I have two different prediction models (say one for sales in Walmart and another for sales in JC Penney) , and from each model I have the 5000 samples from the posterior distribution of the percentage error in prediction. I can therefore compute mean percentage error, and the standard deviation of the percentage error. I want to compare whether one model is better at prediction that the other.

The procedure I have in mind is to randomly draw 5000 times a percentage error value from each posterior, compute the difference and then a) plot the differences and b) compute the HPD/HDI and check if 0 lies within the 95% HDI/HPD. If it does include 0, then the two models have similar percentage errors. If not the two are different.
Does that make sense?

Any references would be most welcome.

Hi,
if you have two models for the same dataset, you’d typically use a model comparison metric. There are some examples in Model comparison — PyMC3 3.11.4 documentation

If it’s actually the same model and you’re interested in the probability that a parameter (e.g. sales) for company A is higher than for company B, it depends:

  • If you did one pm.sample(), fitting the PyMC model to all data at the same time, the posterior draws are correlated and you can simply do p_B_greater_A = numpy.mean(posterior.sales_B > posterior.sales_A).
  • If you did multiple pm.sample(), fitting the same model to two different datasets, you’ll not have any correlation between sales_A and sales_B. Now you want to get the p_B_greater_A given let’s say 10_000 posterior draws of sales from a model fitted to company A data and say 5_000 posterior draws of sales from a model fitted to company B data. Here you can’t do an elementwise comparison, but need to consider all 10_000 * 5_000 combinations. So “What’s the probability that a random posterior sample from B is greater than a random posterior sample from A?”. Doing this exactly for N>2 candidates to compare is surprisingly difficult to implement, but you can just use my pyrff package for that: p_best = pyrff.sampling_probabilities([posteriorA.sales, posteriorB.sales], correlated=False). See the test case for some simple examples.

cheers

@michaelosthege Thanks so much for your response. Indeed the two samples are different (two prediction models, each estimated on a different data set.). I was going to go with bootstrap sampling from each set of posterior means - does that make sense? I will check out pyrff tonight.

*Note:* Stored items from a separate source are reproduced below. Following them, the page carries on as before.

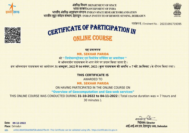 Certificate Of Participation On "Overview of Geocomputation and Geo-web search Services"
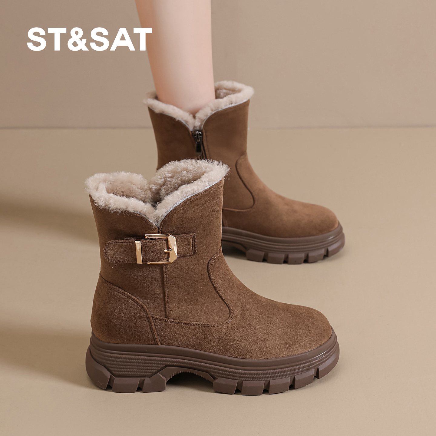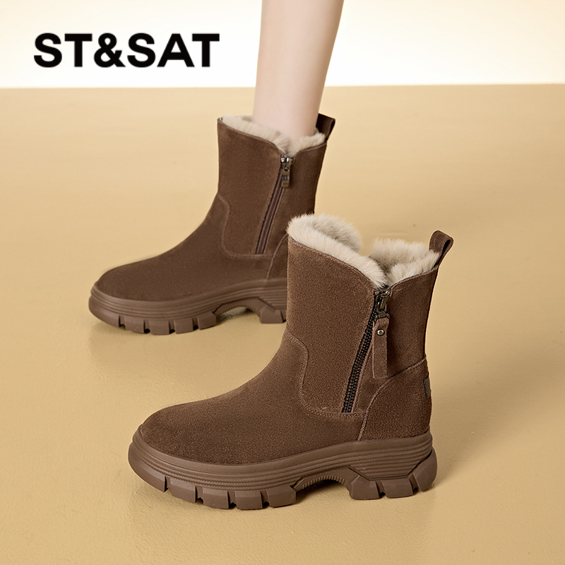 星期六女鞋冬季新款保暖拉链雪地靴女马丁靴休闲加厚保暖防滑棉靴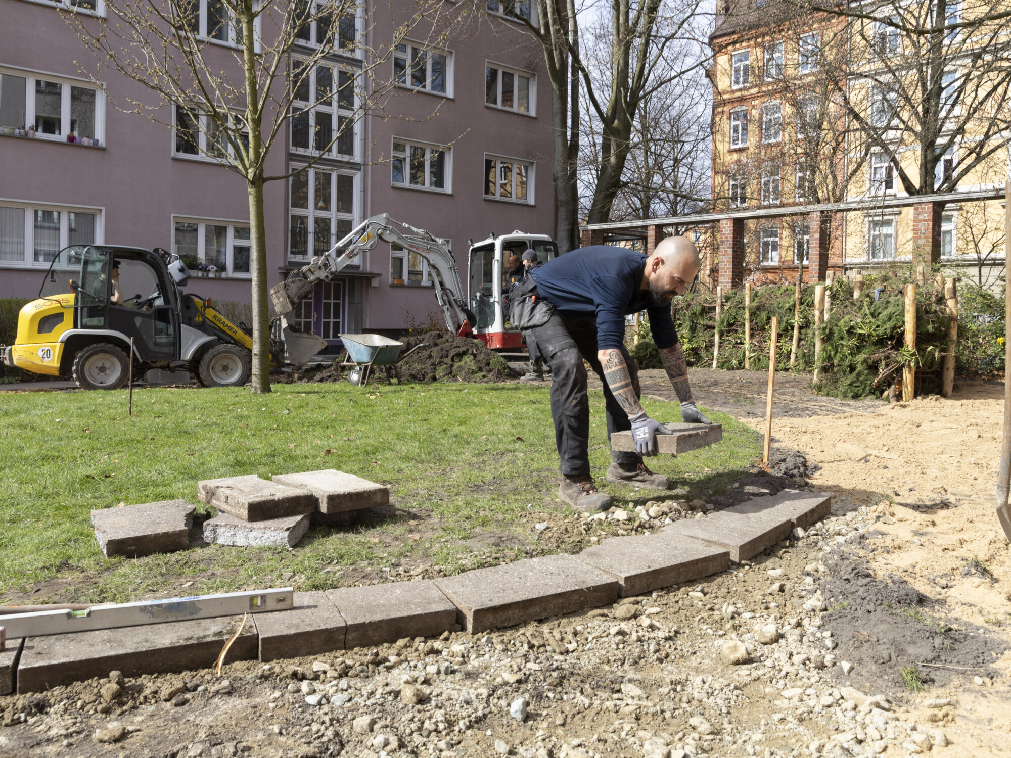 Seit dem 30.03.2026 läuft die Umbaumaßnahme durch BIOTOP. Schon nach kurzer Zeit sind die Fortschritte beeindruckend (s. Fotogalerie unten). Nachhaltigkeit steht bei dem gesamten Projekt hoch im Kurs. So kommt das Schnittgut in der Benjeshecke weiter zum Einsatz, und die Gehwegplatten, die später ersetzt werden, bekommen eine „neue Bestimmung“ in der Natursteinmauer.

Sorry, I pasted a reply meant for another thread.

I was going to go with bootstrap sampling from each set of posterior means - does that make sense?

You should always work directly with the posterior samples.
Sounds like you’re doing the 2nd bullet point from the scenarios I mentioned.

This should do the trick:

pyrff.sampling_probabilities([
    samplesA, # 👈 NumPy array with shape (chains*draws,)
    samplesB, # also a 1D array; doesn't need to be the same shape though
], correlated=False)